What is required: Instruction for the entries below: return the part that opens with the line containing "CommBillingin Asetukset välilehti" and closes with the line containing "クロクス・クリサンツス 冬の花 2012年02月12日", exactly, and no pictures.

Record extracts:

-- Opening Marker --

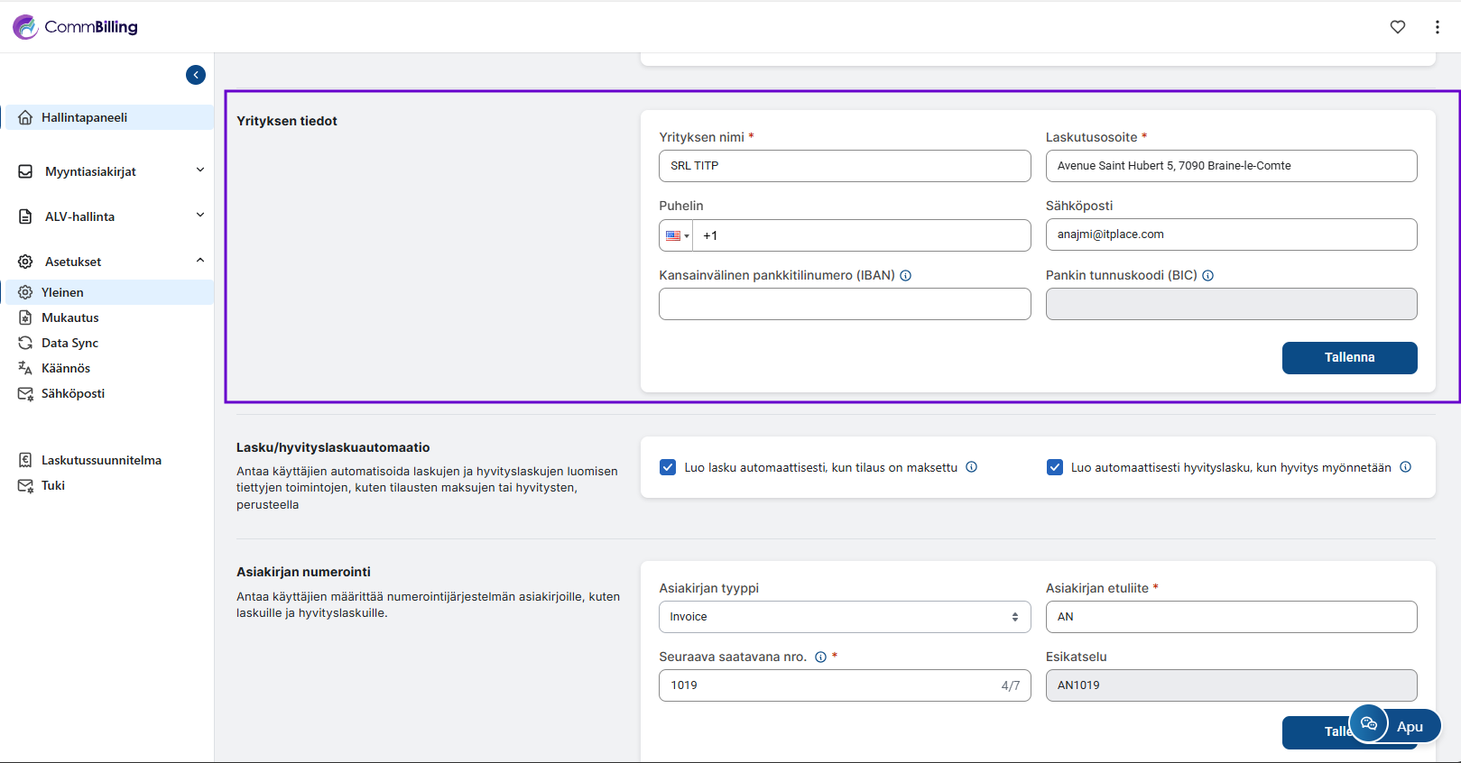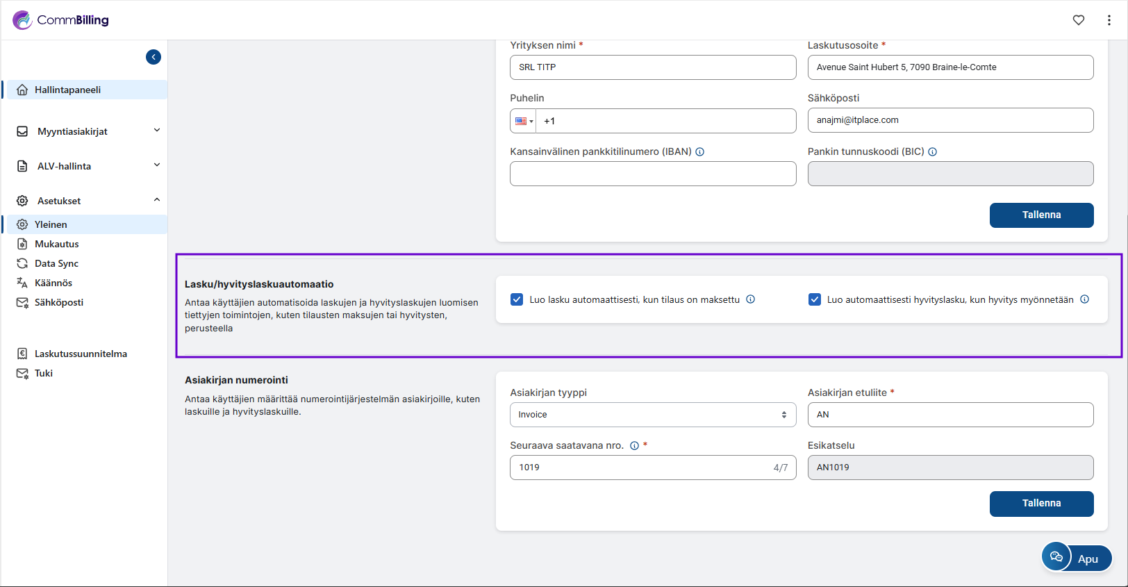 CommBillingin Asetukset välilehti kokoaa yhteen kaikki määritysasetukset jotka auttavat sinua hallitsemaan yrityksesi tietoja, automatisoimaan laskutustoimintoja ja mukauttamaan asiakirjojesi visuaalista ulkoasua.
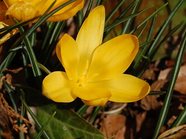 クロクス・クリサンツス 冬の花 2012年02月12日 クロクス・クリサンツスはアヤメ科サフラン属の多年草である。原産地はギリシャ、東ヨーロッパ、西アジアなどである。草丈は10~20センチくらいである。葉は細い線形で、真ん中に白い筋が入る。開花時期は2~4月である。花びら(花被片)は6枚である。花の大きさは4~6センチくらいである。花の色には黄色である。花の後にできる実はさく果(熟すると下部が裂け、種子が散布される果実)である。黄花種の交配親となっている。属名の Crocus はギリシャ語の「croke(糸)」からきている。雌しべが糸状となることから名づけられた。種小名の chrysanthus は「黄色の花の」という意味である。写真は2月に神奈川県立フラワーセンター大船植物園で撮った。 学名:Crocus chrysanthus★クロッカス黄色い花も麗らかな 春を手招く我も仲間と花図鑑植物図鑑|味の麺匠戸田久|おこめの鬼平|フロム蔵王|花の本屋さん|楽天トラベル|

-- Closing Marker --
-- Opening Marker --

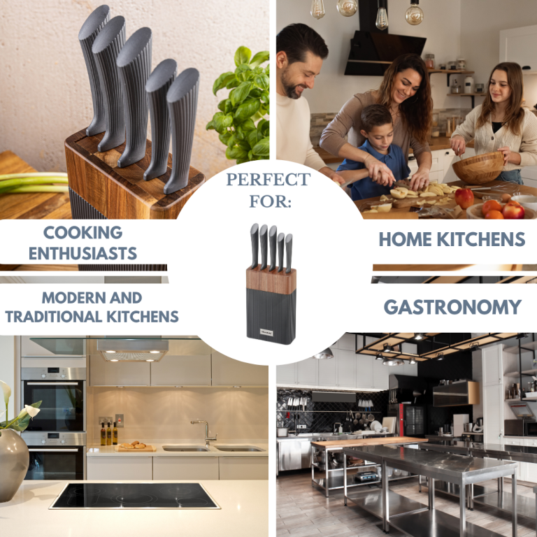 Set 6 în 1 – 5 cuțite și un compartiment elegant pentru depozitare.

-- Closing Marker --

Response for this exercise:
 CommBillingin Asetukset välilehti kokoaa yhteen kaikki määritysasetukset jotka auttavat sinua hallitsemaan yrityksesi tietoja, automatisoimaan laskutustoimintoja ja mukauttamaan asiakirjojesi visuaalista ulkoasua.
 クロクス・クリサンツス 冬の花 2012年02月12日 クロクス・クリサンツスはアヤメ科サフラン属の多年草である。原産地はギリシャ、東ヨーロッパ、西アジアなどである。草丈は10~20センチくらいである。葉は細い線形で、真ん中に白い筋が入る。開花時期は2~4月である。花びら(花被片)は6枚である。花の大きさは4~6センチくらいである。花の色には黄色である。花の後にできる実はさく果(熟すると下部が裂け、種子が散布される果実)である。黄花種の交配親となっている。属名の Crocus はギリシャ語の「croke(糸)」からきている。雌しべが糸状となることから名づけられた。種小名の chrysanthus は「黄色の花の」という意味である。写真は2月に神奈川県立フラワーセンター大船植物園で撮った。 学名:Crocus chrysanthus★クロッカス黄色い花も麗らかな 春を手招く我も仲間と花図鑑植物図鑑|味の麺匠戸田久|おこめの鬼平|フロム蔵王|花の本屋さん|楽天トラベル|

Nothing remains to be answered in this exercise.